» **What this task involves**
Your reply should hold every record exactly as given, with no pictures in it.

» **Records from a data source**
══════════

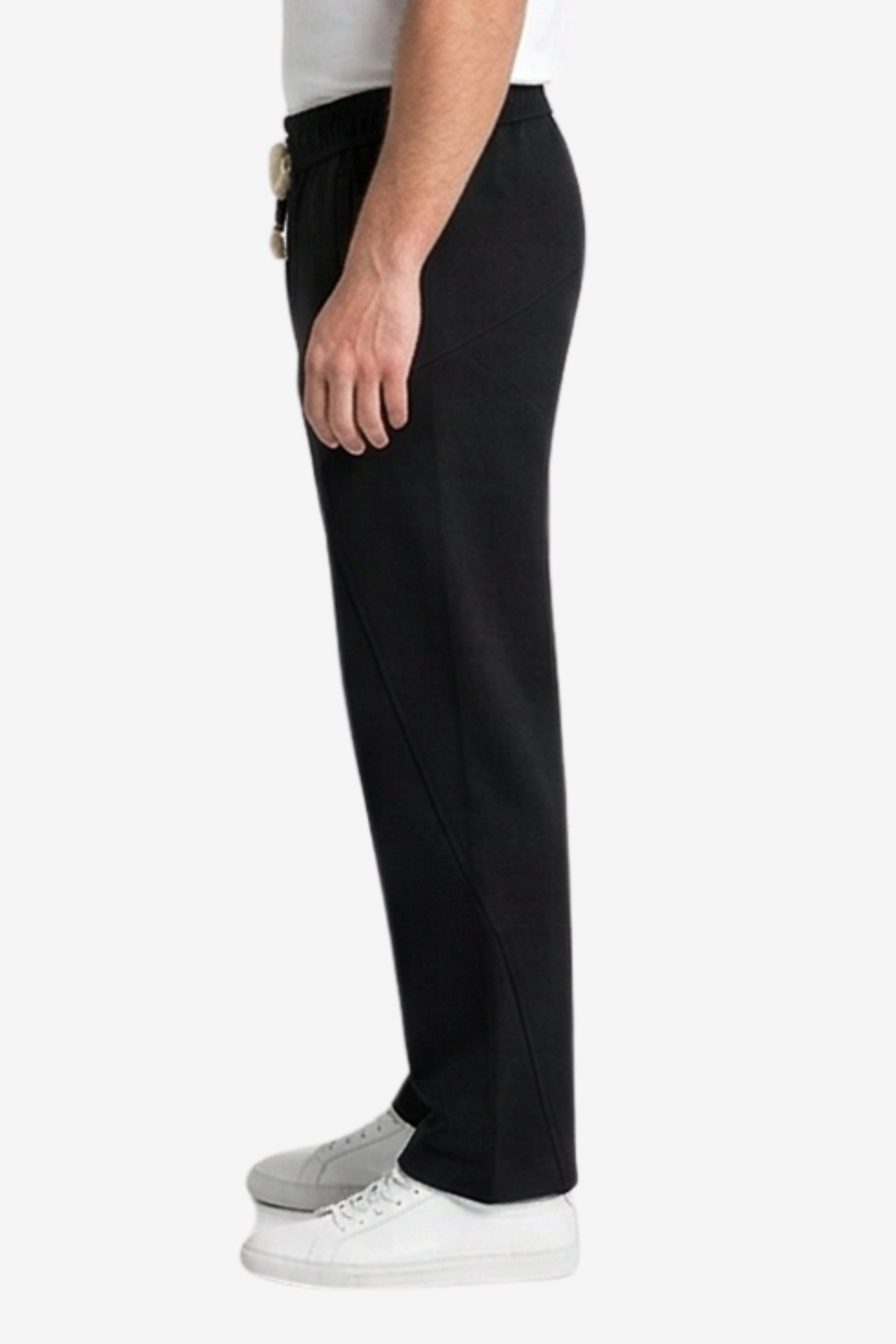 Men's Premium Cotton Wide-Leg Sweatpants – Relaxed Fit Joggers with Contrast Braided Drawstring -Black
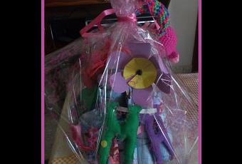 Para la decoración compré papel celofán con dibujitos de ositos, cintas de tela y puse unas flores que tenía de goma eva de un ramo que me hicieron las amigas el día que me hicieron una especie de despedida de soltera antes de la maternidad.
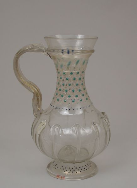 This stoppered cruet with a scroll handle, crafted by an anonymous artist, presents a fascinating study in form and function. The handle’s elegant scroll is more than mere ornamentation; it's a motif deeply rooted in the human psyche, a shape echoing the volutes of Ionic columns in ancient temples and the spiraling tendrils of burgeoning plant life. Consider how the scroll, as a symbol of continuity and unfolding, appears across cultures. From the manuscripts of medieval monks to the Baroque flourishes of 17th-century art, its presence speaks to a universal desire to express the dynamism of life itself. The very act of grasping the handle connects us to this primal urge. The glass, transparent and pure, hints at the alchemical fascination with transformation and the pursuit of clarity. As you behold this object, consider how its form transcends its utilitarian purpose, engaging us on a deeply emotional, almost subconscious level. It is a vessel not just for liquids, but for the transmission of cultural memory.
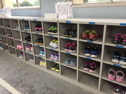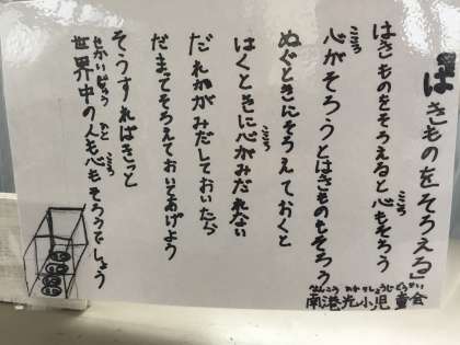 児童会が「はきものをそろえよう」と呼びかけています。そして各クラスのくつ箱の前には、貼り紙をしてくれました。くつをきちんとそろえて脱ぐという習慣は、すべてに通じることです。とてもすばらしい取り組みをしてくれています。
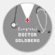 Geschenksticker, Gastgeschenk-Etiketten oder Umschlag Aufkleber mit einzigartigen grauen Hospital-Skulpturen und Stethoskop für kreative Abschluss. So passen Sie Text an, um den Namen des Arztes hinzuzufügen.
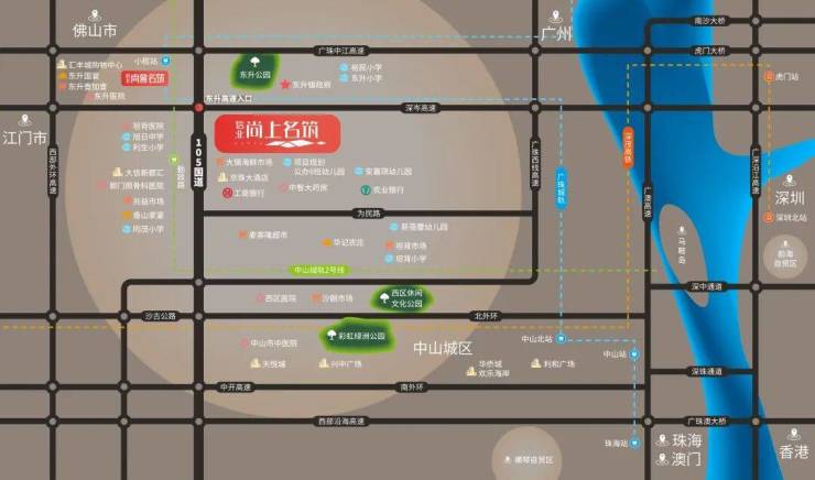 珠三角:30分钟向北即可沿广珠西线到达广州南,40分钟到广州天河;深中通道通车后45分钟即可达到深圳。向南沿珠三角环线及广澳高速1小时内就可珠海横琴、澳门等粤港澳大湾区主要城市及主城区。
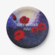 Beautiful red poppy flowers painting. Custom name birthday paper plates.

══════════

» **Result of this task**
 Men's Premium Cotton Wide-Leg Sweatpants – Relaxed Fit Joggers with Contrast Braided Drawstring -Black
 Para la decoración compré papel celofán con dibujitos de ositos, cintas de tela y puse unas flores que tenía de goma eva de un ramo que me hicieron las amigas el día que me hicieron una especie de despedida de soltera antes de la maternidad.
 This stoppered cruet with a scroll handle, crafted by an anonymous artist, presents a fascinating study in form and function. The handle’s elegant scroll is more than mere ornamentation; it's a motif deeply rooted in the human psyche, a shape echoing the volutes of Ionic columns in ancient temples and the spiraling tendrils of burgeoning plant life. Consider how the scroll, as a symbol of continuity and unfolding, appears across cultures. From the manuscripts of medieval monks to the Baroque flourishes of 17th-century art, its presence speaks to a universal desire to express the dynamism of life itself. The very act of grasping the handle connects us to this primal urge. The glass, transparent and pure, hints at the alchemical fascination with transformation and the pursuit of clarity. As you behold this object, consider how its form transcends its utilitarian purpose, engaging us on a deeply emotional, almost subconscious level. It is a vessel not just for liquids, but for the transmission of cultural memory.
 児童会が「はきものをそろえよう」と呼びかけています。そして各クラスのくつ箱の前には、貼り紙をしてくれました。くつをきちんとそろえて脱ぐという習慣は、すべてに通じることです。とてもすばらしい取り組みをしてくれています。
 Geschenksticker, Gastgeschenk-Etiketten oder Umschlag Aufkleber mit einzigartigen grauen Hospital-Skulpturen und Stethoskop für kreative Abschluss. So passen Sie Text an, um den Namen des Arztes hinzuzufügen.
 珠三角:30分钟向北即可沿广珠西线到达广州南,40分钟到广州天河;深中通道通车后45分钟即可达到深圳。向南沿珠三角环线及广澳高速1小时内就可珠海横琴、澳门等粤港澳大湾区主要城市及主城区。
 Beautiful red poppy flowers painting. Custom name birthday paper plates.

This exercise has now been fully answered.